*Activity*: Within the records below is a range that opens at the line with "Nip Tuck Swim" and closes at the line with "Die Stadtwaage, eines". Return that range word for word, both ends included, and only that range.

*Information given*:
►

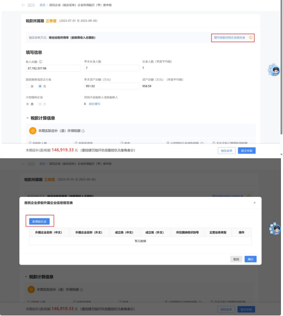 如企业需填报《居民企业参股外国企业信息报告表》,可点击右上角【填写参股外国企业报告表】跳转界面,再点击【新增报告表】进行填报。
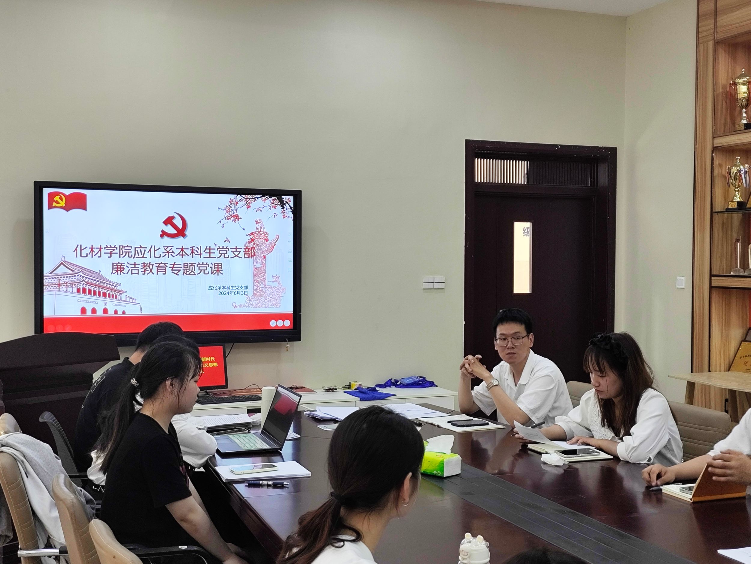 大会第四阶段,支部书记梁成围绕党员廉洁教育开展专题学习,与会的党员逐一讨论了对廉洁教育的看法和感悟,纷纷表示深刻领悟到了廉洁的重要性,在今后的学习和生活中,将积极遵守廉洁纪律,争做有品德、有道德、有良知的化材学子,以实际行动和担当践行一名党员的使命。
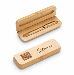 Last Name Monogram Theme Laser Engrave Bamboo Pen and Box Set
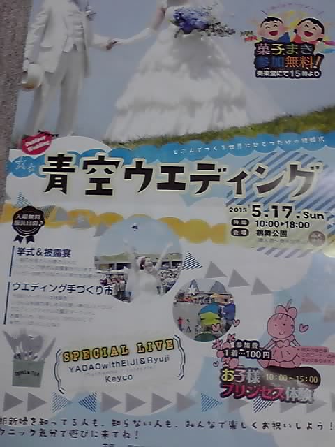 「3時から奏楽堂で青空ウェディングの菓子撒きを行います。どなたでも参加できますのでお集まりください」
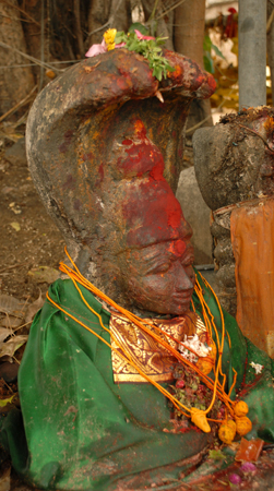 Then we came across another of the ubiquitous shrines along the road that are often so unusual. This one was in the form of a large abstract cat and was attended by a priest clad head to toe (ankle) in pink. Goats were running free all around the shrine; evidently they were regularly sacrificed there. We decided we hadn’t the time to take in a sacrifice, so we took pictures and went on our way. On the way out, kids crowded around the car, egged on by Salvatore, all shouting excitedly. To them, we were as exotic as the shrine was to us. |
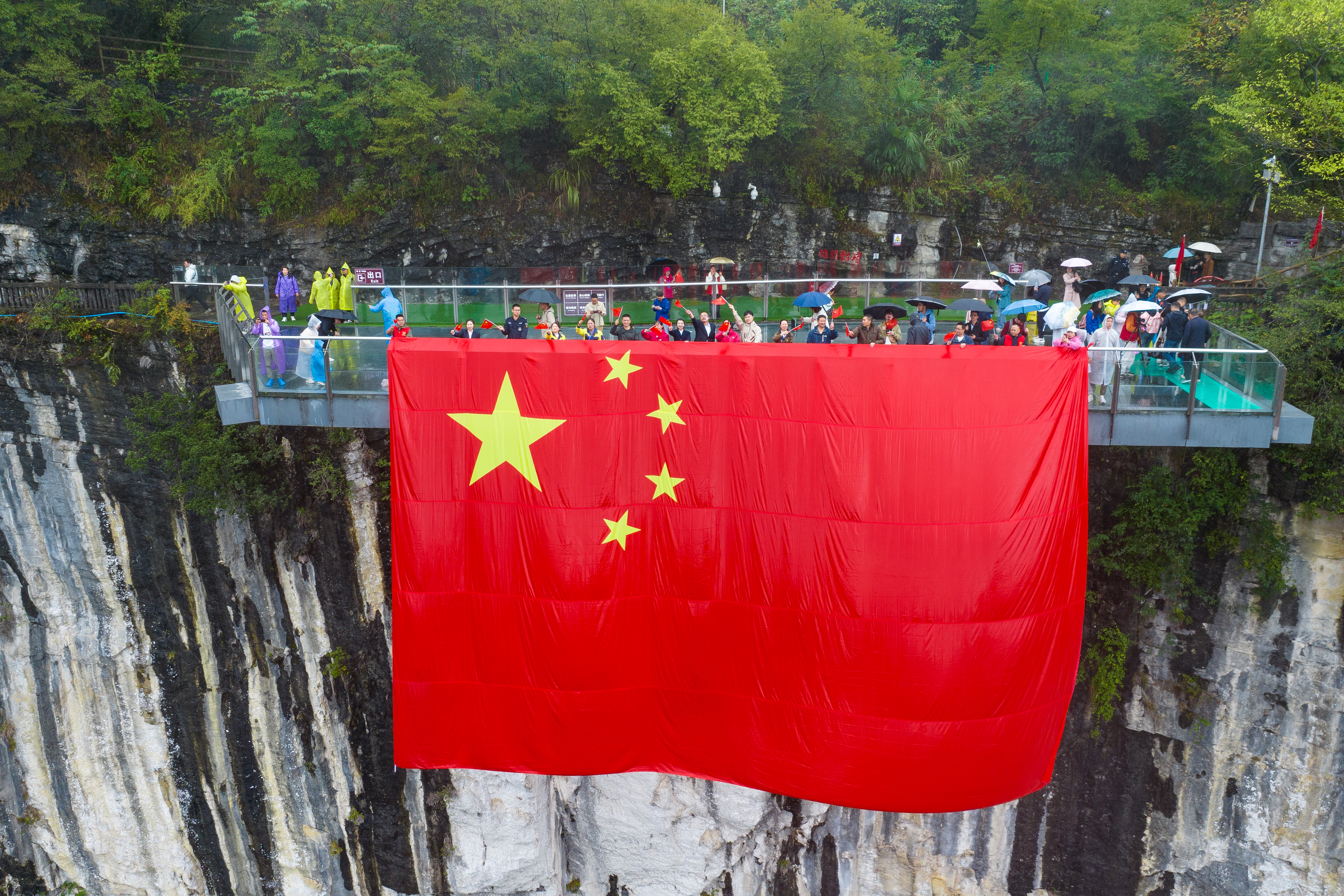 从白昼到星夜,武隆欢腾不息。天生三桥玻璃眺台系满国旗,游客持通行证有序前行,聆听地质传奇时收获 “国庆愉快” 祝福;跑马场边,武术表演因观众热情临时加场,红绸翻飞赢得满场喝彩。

◄
►

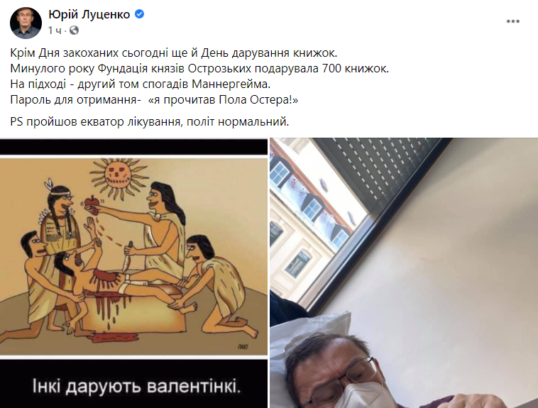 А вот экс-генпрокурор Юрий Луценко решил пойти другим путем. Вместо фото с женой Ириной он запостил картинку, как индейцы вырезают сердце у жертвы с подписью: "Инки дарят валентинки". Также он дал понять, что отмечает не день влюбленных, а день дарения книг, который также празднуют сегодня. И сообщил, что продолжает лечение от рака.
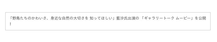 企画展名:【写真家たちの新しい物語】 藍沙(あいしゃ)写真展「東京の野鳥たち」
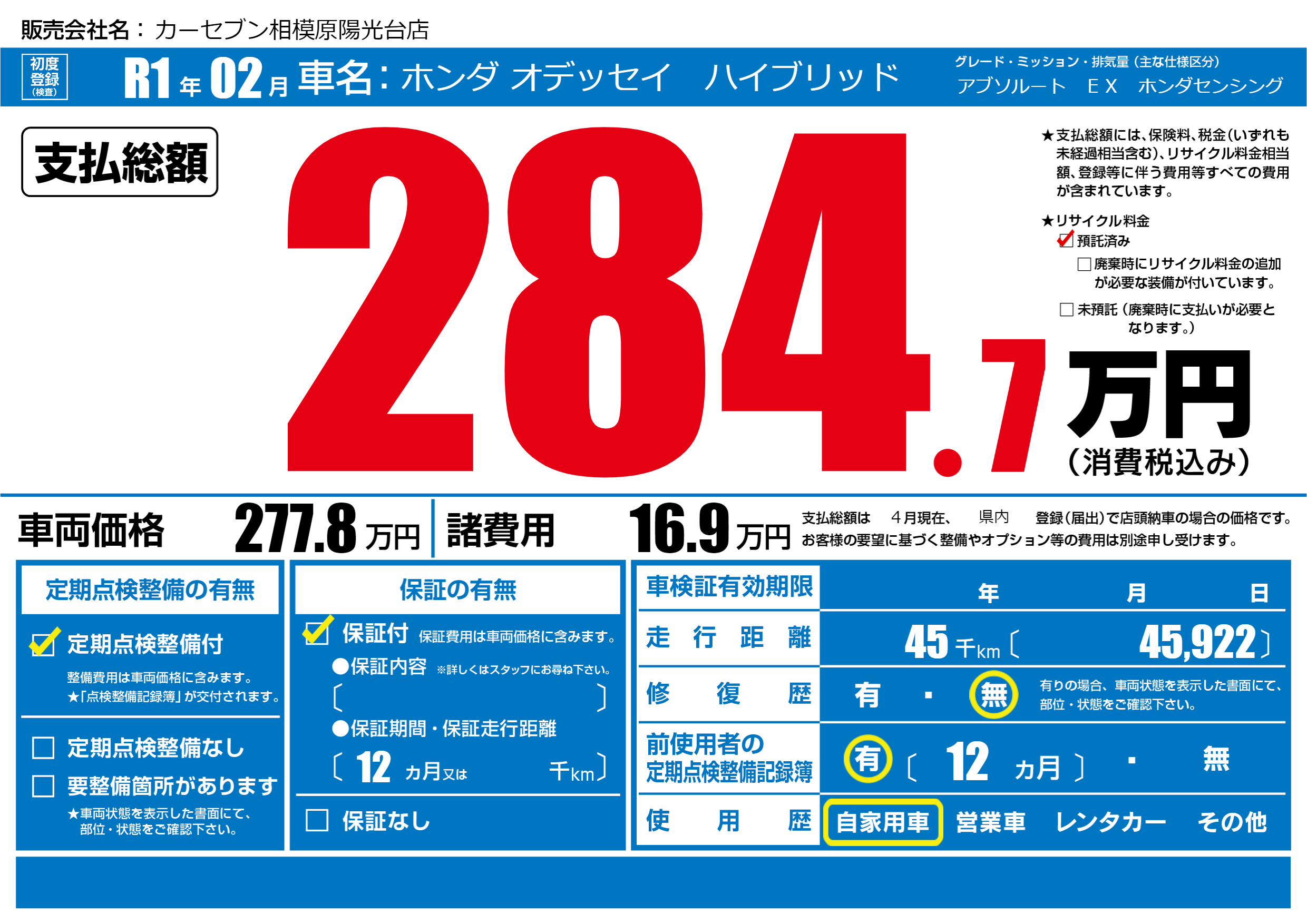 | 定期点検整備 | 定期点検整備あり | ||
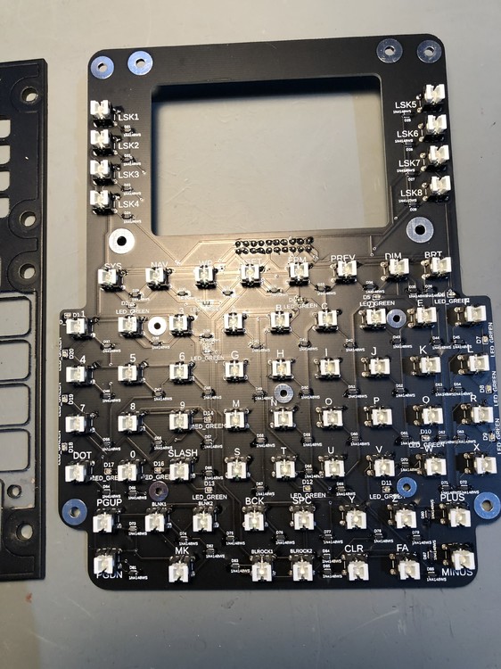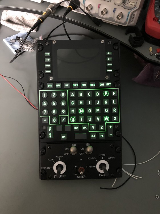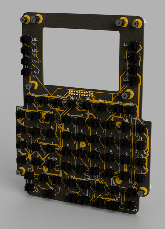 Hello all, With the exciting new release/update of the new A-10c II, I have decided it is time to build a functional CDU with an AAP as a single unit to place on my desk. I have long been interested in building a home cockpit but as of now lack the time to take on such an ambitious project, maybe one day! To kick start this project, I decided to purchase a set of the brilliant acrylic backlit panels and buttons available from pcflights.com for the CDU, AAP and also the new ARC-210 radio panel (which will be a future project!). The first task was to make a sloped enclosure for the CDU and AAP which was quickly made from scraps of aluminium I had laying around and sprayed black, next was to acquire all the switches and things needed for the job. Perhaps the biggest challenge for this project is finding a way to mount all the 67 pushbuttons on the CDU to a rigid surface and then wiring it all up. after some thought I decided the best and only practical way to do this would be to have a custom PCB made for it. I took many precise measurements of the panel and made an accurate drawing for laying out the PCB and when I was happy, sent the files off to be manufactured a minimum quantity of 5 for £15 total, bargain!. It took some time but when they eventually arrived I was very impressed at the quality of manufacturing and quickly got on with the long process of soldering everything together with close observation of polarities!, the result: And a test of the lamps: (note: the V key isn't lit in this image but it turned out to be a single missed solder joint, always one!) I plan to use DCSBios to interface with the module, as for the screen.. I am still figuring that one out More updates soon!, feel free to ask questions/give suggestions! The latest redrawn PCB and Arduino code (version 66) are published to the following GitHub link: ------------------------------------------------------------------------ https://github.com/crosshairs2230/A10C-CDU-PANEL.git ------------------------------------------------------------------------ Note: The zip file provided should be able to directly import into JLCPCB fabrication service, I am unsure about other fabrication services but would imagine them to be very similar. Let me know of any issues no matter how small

◄
►

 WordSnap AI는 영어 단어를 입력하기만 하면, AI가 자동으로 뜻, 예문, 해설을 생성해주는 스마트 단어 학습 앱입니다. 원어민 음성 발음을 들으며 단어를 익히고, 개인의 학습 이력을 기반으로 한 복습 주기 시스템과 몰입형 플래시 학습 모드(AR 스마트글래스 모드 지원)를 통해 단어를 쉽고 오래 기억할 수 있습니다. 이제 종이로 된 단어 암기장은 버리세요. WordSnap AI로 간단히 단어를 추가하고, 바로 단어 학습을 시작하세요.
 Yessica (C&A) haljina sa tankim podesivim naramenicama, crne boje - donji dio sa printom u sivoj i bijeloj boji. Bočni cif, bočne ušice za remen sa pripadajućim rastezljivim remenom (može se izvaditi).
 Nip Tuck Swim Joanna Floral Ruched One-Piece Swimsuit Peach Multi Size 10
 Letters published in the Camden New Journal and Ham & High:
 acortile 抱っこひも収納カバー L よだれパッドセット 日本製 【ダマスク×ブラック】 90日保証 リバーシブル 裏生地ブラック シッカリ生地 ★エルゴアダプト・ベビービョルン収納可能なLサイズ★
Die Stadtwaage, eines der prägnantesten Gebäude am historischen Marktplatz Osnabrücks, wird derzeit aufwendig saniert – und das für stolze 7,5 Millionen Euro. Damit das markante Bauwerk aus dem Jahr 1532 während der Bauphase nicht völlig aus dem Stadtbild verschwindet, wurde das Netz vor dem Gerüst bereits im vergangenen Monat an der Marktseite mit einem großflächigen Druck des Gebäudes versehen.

◄

*Result*:
 Nip Tuck Swim Joanna Floral Ruched One-Piece Swimsuit Peach Multi Size 10
 Letters published in the Camden New Journal and Ham & High:
 acortile 抱っこひも収納カバー L よだれパッドセット 日本製 【ダマスク×ブラック】 90日保証 リバーシブル 裏生地ブラック シッカリ生地 ★エルゴアダプト・ベビービョルン収納可能なLサイズ★
Die Stadtwaage, eines der prägnantesten Gebäude am historischen Marktplatz Osnabrücks, wird derzeit aufwendig saniert – und das für stolze 7,5 Millionen Euro. Damit das markante Bauwerk aus dem Jahr 1532 während der Bauphase nicht völlig aus dem Stadtbild verschwindet, wurde das Netz vor dem Gerüst bereits im vergangenen Monat an der Marktseite mit einem großflächigen Druck des Gebäudes versehen.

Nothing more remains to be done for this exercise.